The biggest change in young people’s financing arrangements from when I was younger is that many more people go to university but the Treasury has funded this though the student loan scheme instead of the grants that were available in earlier years and has allowed universities to charge higher fees. The original Treasury intention was that bringing the market into academic education would lead to an improvement in courses and better value for money. It appears that the opposite has happened. There has been an explosion of courses, and though many are likely to be of economic value, many are not. While universities have grabbed the extra cash to pay their senior staff (especially the non-academic staff) significant salary increases. Vice-chancellors in particular have benefitted to the extent that the average pay for a vice-chancellor of a Russell Group university last year had reached £389,340.
Because those who don’t reach the earnings threshold don’t have to repay their loans, which eventually get written off, there is a disincentive for many students to study those courses that will lead to high levels of remuneration. My Cebr colleagues estimate that the UK may need as many as a 177,000 additional experts in Artificial Intelligence by 2031. This compares with only 355 new students enrolled in the subject at all UK universities this year. At the current rate it would take 498 years to educate those whom we need in ten years’ time. So the unintended result of the Treasury’s cunning scheme has been to leave the better off students funding unnecessary courses, overpaid vice-chancellors as well as their less successful contemporaries. This is unfair on just so many levels besides creating adverse incentives that damage the economy.
What does this mean for the funding of social care and the associated redistribution of wealth?
Any sensible reform of age care needs to factor in three things.
First, those who save to build up wealth should not be disincentivised excessively over those who do not.

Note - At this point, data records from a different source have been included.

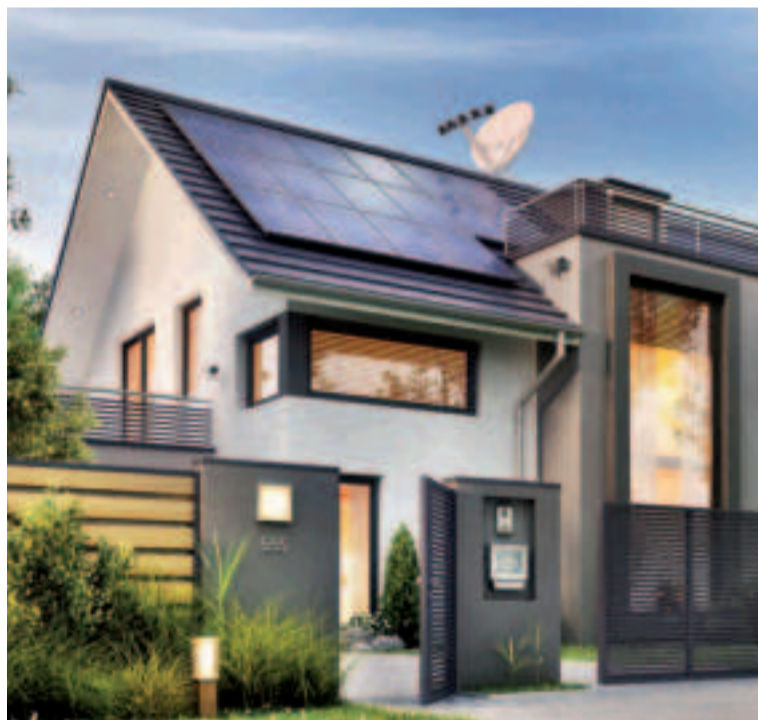
La desagregación de resultados por nacionalidades permite observar cómo aquellas que suelen estar en cabecera han perdido peso relativo porcentuales.

Pese a que el resto de nacionalidades ha comprado menos de 1.000 casas, su peso ha aumentado frente al trimestre pasado como son polacos (3,92%), rusos (3,43%), chinos (3,09%), suecos (2,94%), ucranianos (2,72%) o irlandeses (1,66%).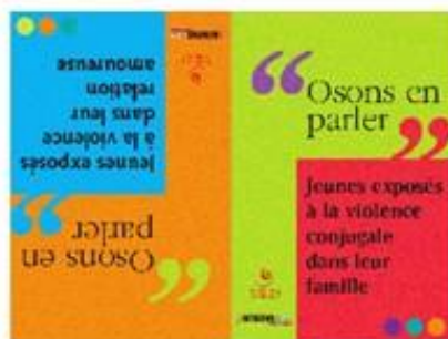
Livret "Osons en parler"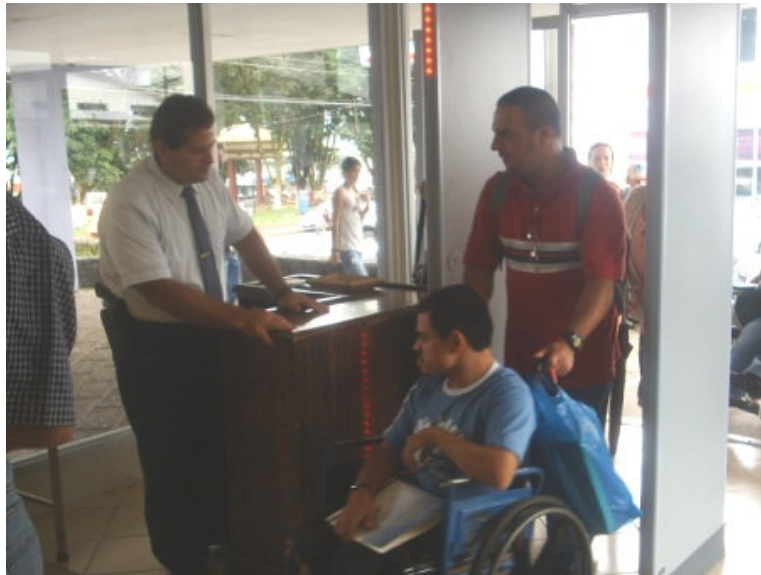
Ingreso de persona en silla de ruedas a los Tribunales de San Carlos

La actividad finalizó con la visita de las personas con discapacidad a la oficina de la Contraloría Regional de Servicios de San Carlos.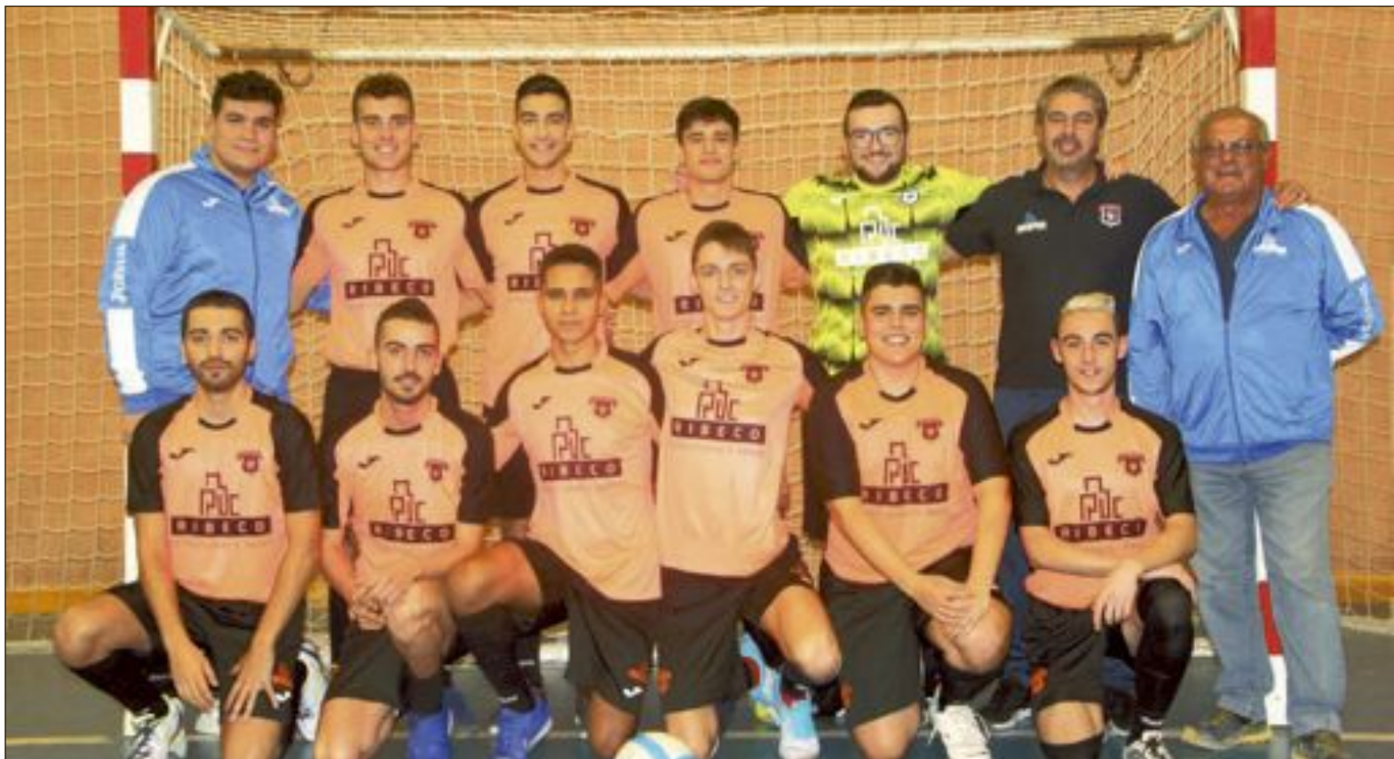
C.F.S. Ribeco Castalla Sénior Masculino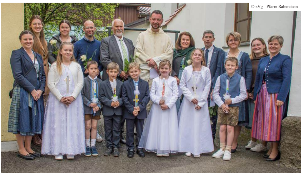
♥ Am Samstag, dem 26. April 2025, feierten die 7 Kinder der 2. Klasse der Volksschule Tradigist ihre Erstkommunion – ein besonderer und festlicher Moment im Leben der jungen Gläubigen.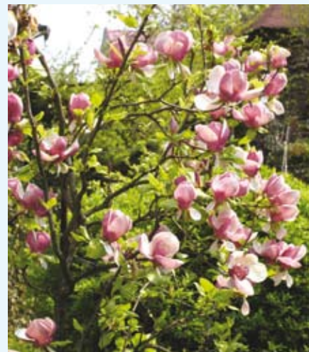
Magnolia Rustica Rubra

Od ul. 3 Maja widoczne jest drzewko rzadko spotykanej magnolii pośredniej odmiany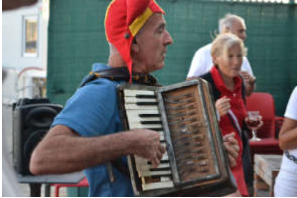
Figure 21 - Apéritif ponton en musique.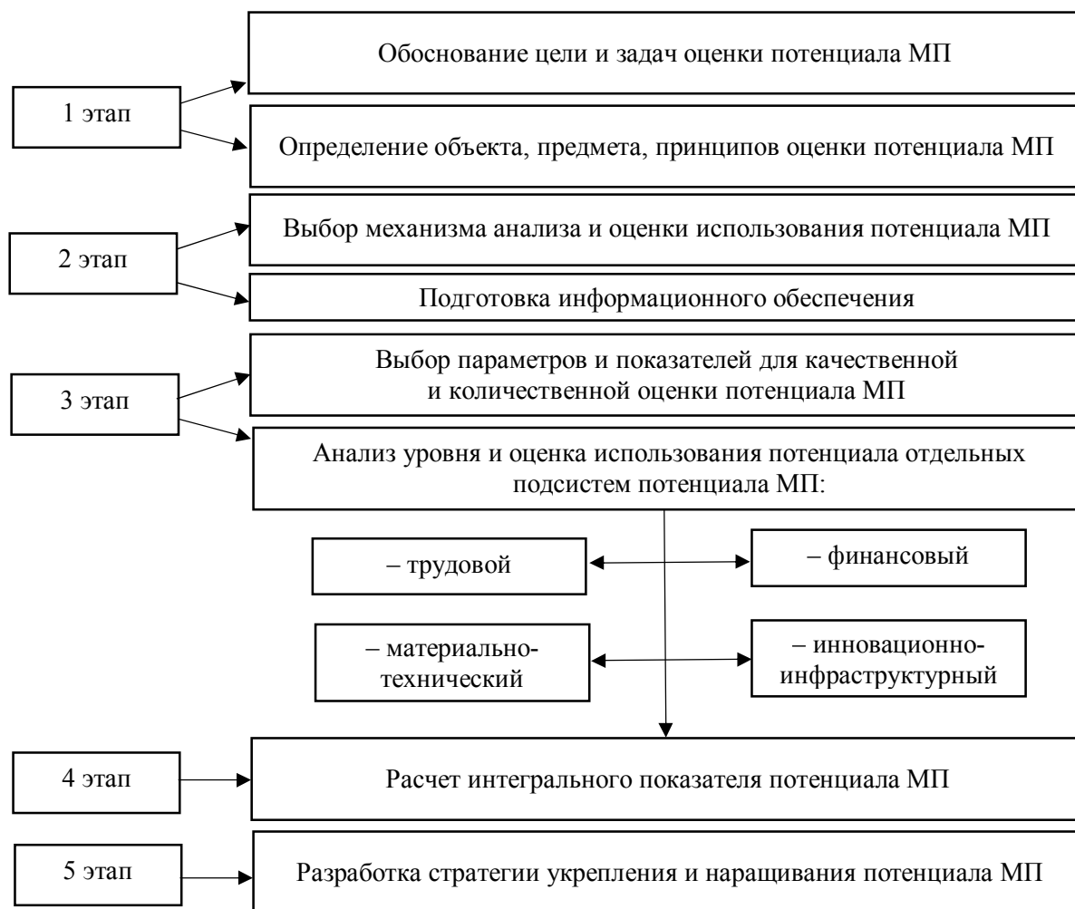
Рисунок 3 Основные этапы оценки потенциала малого предпринимательства

Как уже было отмечено, одной из наиболее важных составляющих методологии является методика исследования предпринимательского потенциала. Результаты анализа существующих методик позволили предложить алгоритм оценки использования потенциала малого предпринимательства, под которым понимается последовательность управленческих решений относительно оценки его состояния, структуры, уровня использования. Считаем, что такой методический подход к оценке потенциала малого предпринимательства должен включать в себя ряд этапов, отражающих последовательность действий, начиная с обоснования целей и задач оценки до формирования стратегии его укрепления и наращивания (рис. 3).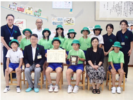
▲会津若松市立大戸小学校 学校環境緑化の部「入選」

湊学園では、児童たちが自ら学校林の整備を行い、猪苗代湖の水質調査を通して森林と水のつながりについて学ぶなど、総合的な学習に取り組んでいます。特に、猪苗代湖の水質にも着目した点が評価され、今回の受賞につながりました。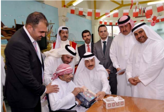
زيارة المسنين في العيد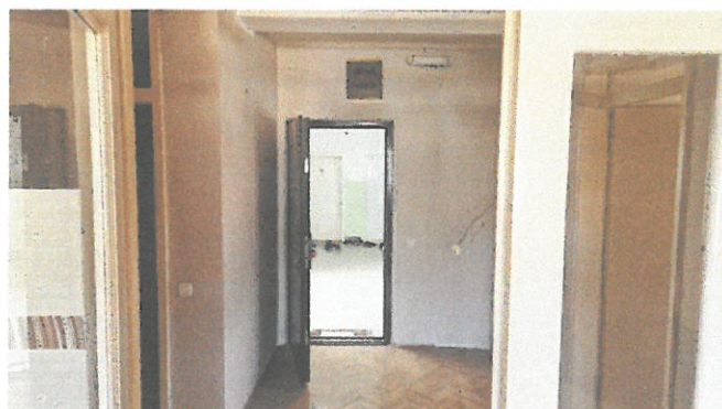
Слика 7. – Ходник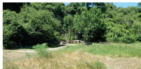
Sortie géologique à la carrière de Ricou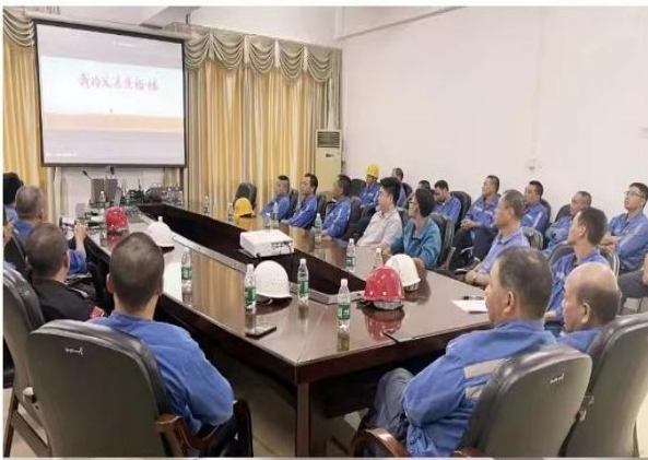
（观看党史题材电影《我的父亲焦裕禄》）

在元旦、春节、七一等重大节日期间，公司及各单位党政工团妇都组织开展对困难党员、困难职工的帮扶和慰问活动。农历春节和七一建党节期间，公司党委领导会同上级领导走访慰问了公司 50 年党龄以上离退休老党员、困难党员和留梅过年的异地员工代表，为 50 年以上党龄的离退休老党员颁发“光荣在党 50 年”纪念章，春节、七一两节共为 50 年以上党龄的离退休老党员、退休党员及困难党员发放慰问金共计 112,400 多元。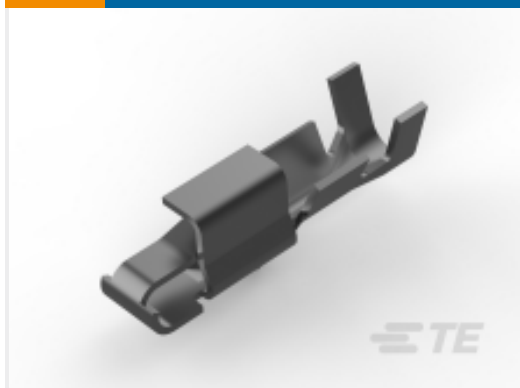
TE 产品编号 CAT-103156-WTBCC Connector Contacts: Wire-to-Board Socket, SL 156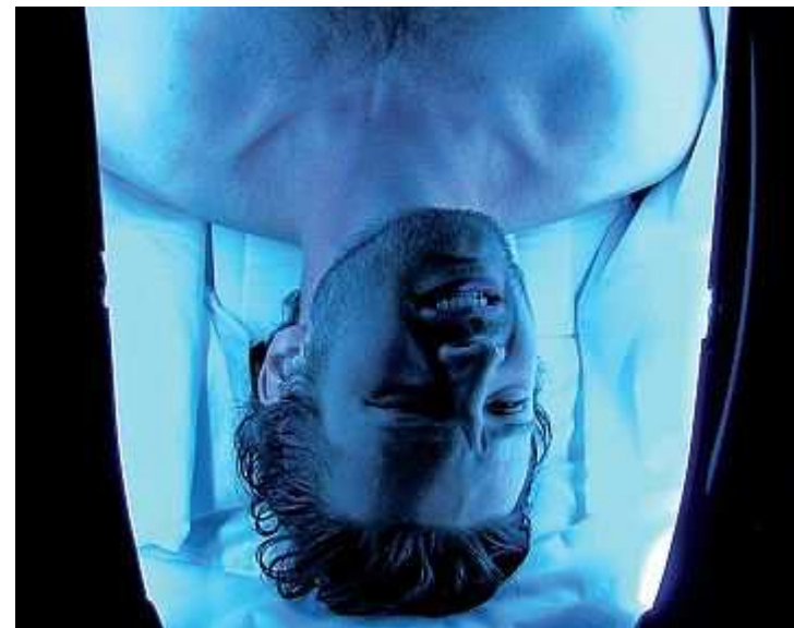
Una scena di 'Nei molti mondi'. In alto, un ritratto di Philip K. Dick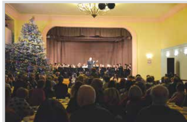
Tłumy na Koncercie Noworocznym Młodzieżowej Orkiestry Dętej. Wypełniona sala widowiskowa Domu Kultury to bardzo częsty widok w mijającym roku – prawie setka różnorodnych imprez.

W ferie w Domu Kultury nie można się nudzić – warsztaty twórcze, zabawy, wycieczki – każdy znajdzie coś dla siebie.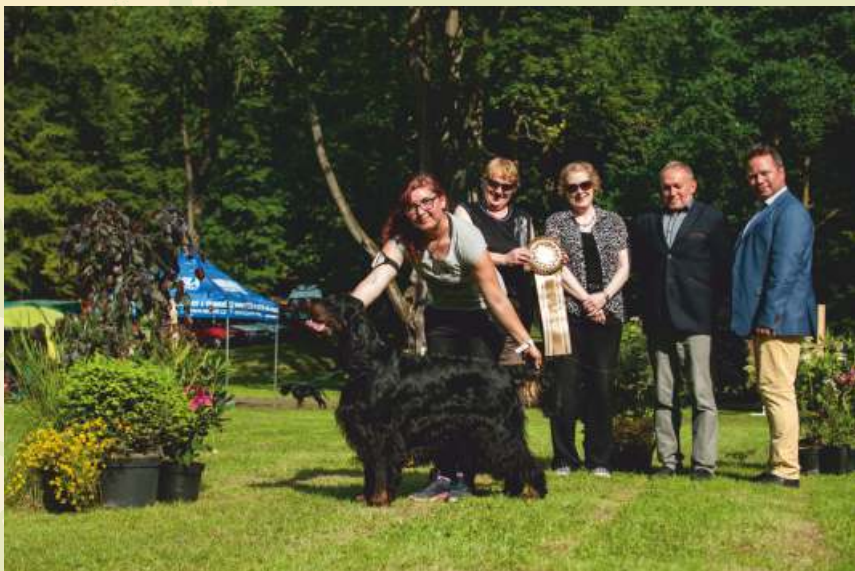
GS - Black Mystery Prince of Gordon Klubový vítěz, BOB, Nejlepší jedinec výstavy - BIS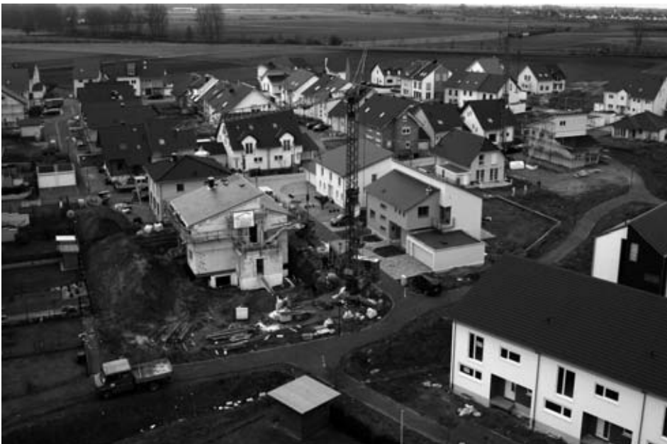
Baugebiet „2. und 3. Gewann Biblis, 2. Bauabschnitt“ erfreut sich großer Nachfrage.

Das vier Hektar große Baugebiet „2. und 3. Gewann Biblis, 2. Bauabschnitt“ erfreute sich auch im Jahr 2007 großer Nachfrage. Die Erschließung konnte bereits Ende November 2005 abgeschlossen werden. Die Erschließungskosten belaufen sich auf circa 1,6 Millionen Euro.

The UK has always had a relatively low savings ratio and with demographic trends against saving it is important not to make this problem worse.
Second, it should be made easier for older people to release cash by downsizing their housing by removing the huge and damaging stamp duty charge.
Third, the Bank of Mum and Dad needs to be made less discriminatory by being made more available to those who do not have the privilege of rich parents to pay their deposits on their houses. I suggested in my book, The Inequality Paradox, that inheritance tax could be restructured to make its effects more redistributional.
The idea that the baby boomers have stolen the young’s inheritance is, like the crocodiles breeding in the sewerage system, an urban myth.
If anyone has stolen anything from the young, it is the Treasury and the universities.
Douglas McWilliams is Deputy Chairman of the economics consultancy Cebr which he founded in 1993.